Lurah Gambir, Rokhmat mengatakan, penataan kawasan tidak sekadar menanam berbagai jenis tanaman produktif dan tanaman obat keluarga agar lingkungan hijau dan asri, tetapi juga menjadikan lokasi sebagai tempat pengelolaan sampah anorganik dan organik.
Di lahan yang sempit ini juga beroperasi bank sampah
"Di lahan yang sempit ini juga beroperasi bank sampah untuk mengolah sampah anorganik. Serta sampah organik sisa makanan dan dedauan pohon dari rumah warga diolah unthk budidaya maggot dan pembuatan pupuk kompos cair serta padat," ujar Rokhmat, Senin (13/7).
Ia menjelaskan, volume sampah dimwilayahnya yang dibuang ke TPST Bantargebang saat ini sudah mencapai 50 persen sesuai target yang ditetapkan Gubernur DKI Jakarta, Pramono Anung pada 1 Agustus mendatang. Atas capaian ini, Kelurahan Gambir meraih penghargaan kelurahan terbaik pengelolaan sampah dari sumbernya.
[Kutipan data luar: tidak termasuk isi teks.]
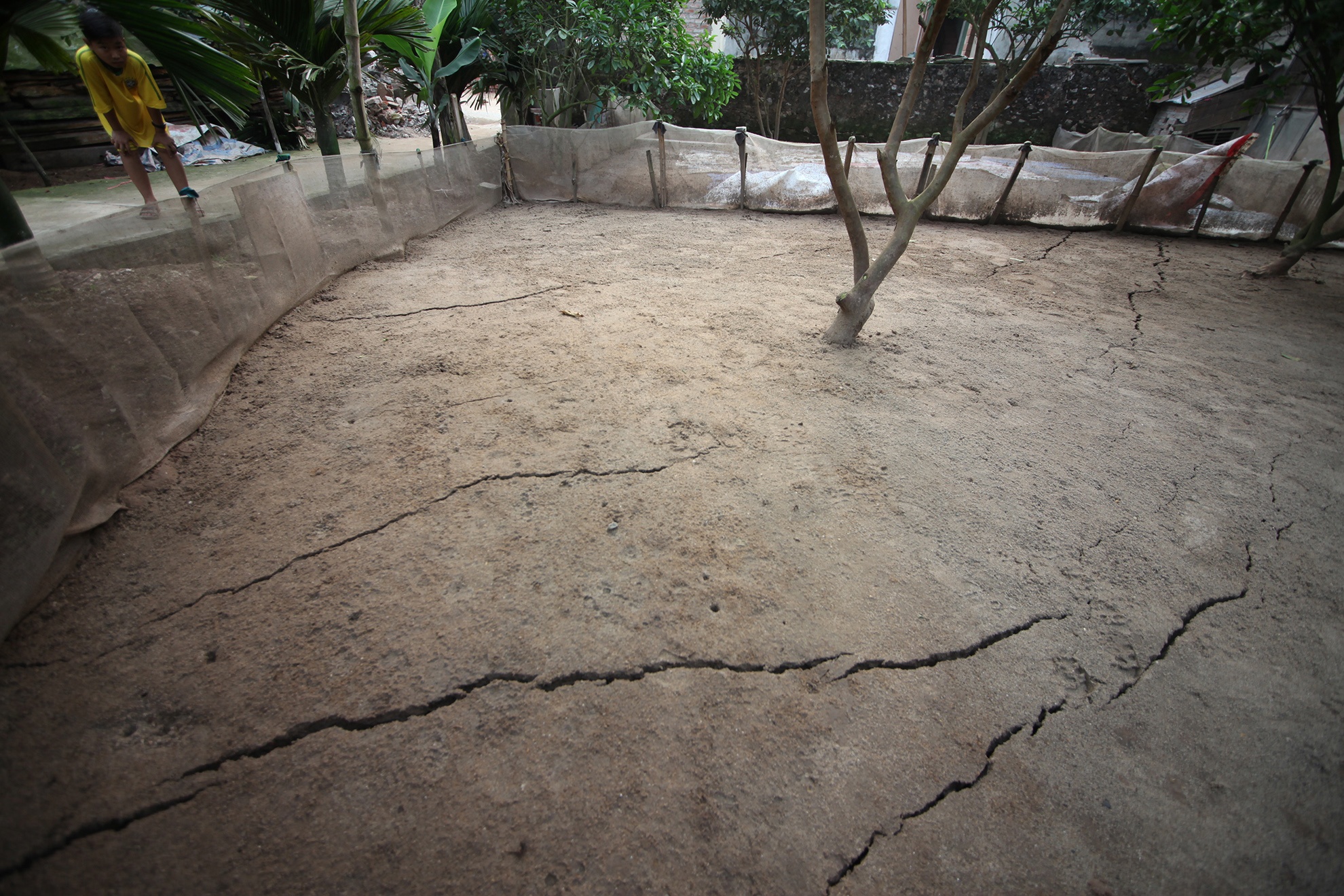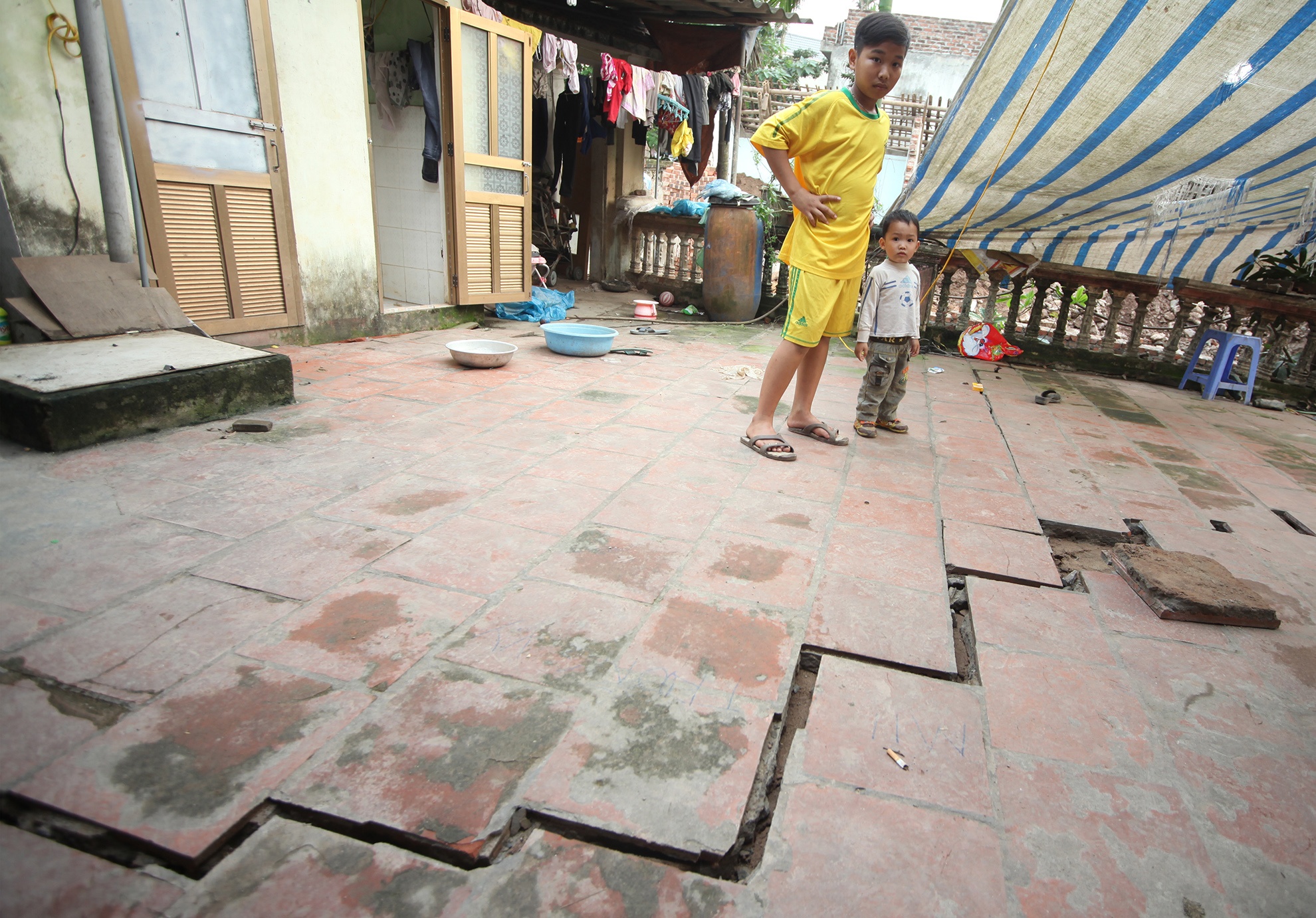 Sân nhà bà Nguyễn Thị Vị vết đứt gãy ngày càng há to. Gia đình bị ảnh hưởng nặng nề, mất điện, mất nước, tường nhà, bếp, nhà vệ sinh không còn giữ được độ an toàn, cả nhà phải di chuyển sang ở nhờ hàng xóm và người thân.

"Kami akan terus bersinergi dengan berbagai stakeholder agar pada 2027 nanti tidak ada lagi sampah dibuang ke TPST Bantargebang. Salah satunya seperti penataan kawasan unggulan terpadu di bantaran Kali Pejambon RW 01," jelasnya.
Ia mengungkapkan, hasil budidaya maggot akan dimanfaatkan sebagai pakan budidaya Ikan Lele yang ada di areal penataan kawasan unggulan bantaran kali Pejambon RW 01.
Sementara hasil pengelolaan sampah organik berupa kompos padat dan cair akan dimanfaatkan untuk pemenuhan pupuk tanaman yang ditanam di sepanjang bantaran Kali Pejambon.
Ia memaparkan, pengolahan sampah anorganik melalui Bank Sampah RW 01, pada 2026 mencatatkan penghasilan Rp 46 juta yang sudah diterima 90 nasabah bank sampah.
Ketua RW 01 Gambir, Nofrizal menuturkan, kawasan unggulan terpadu di bantaran Kali Pejambon akan dikelola kader PKK RW serta personel PPSU Gambir. Sedangkan hasil budidaya tanaman produktif dan tanaman obat keluarag dimanfaatkan untuk kebutuhan warga RW 01 Gambir.
"Sementara penghasilan yang diperoleh Bank Sampah RW 01 Gambir dari penjualan botol plastik dan kardus yang dikumpulkan warga sebesar Rp 46 juta sudah dibayarkan ke nasabah sebelum Idulfitri 1447 H," pungkasnya.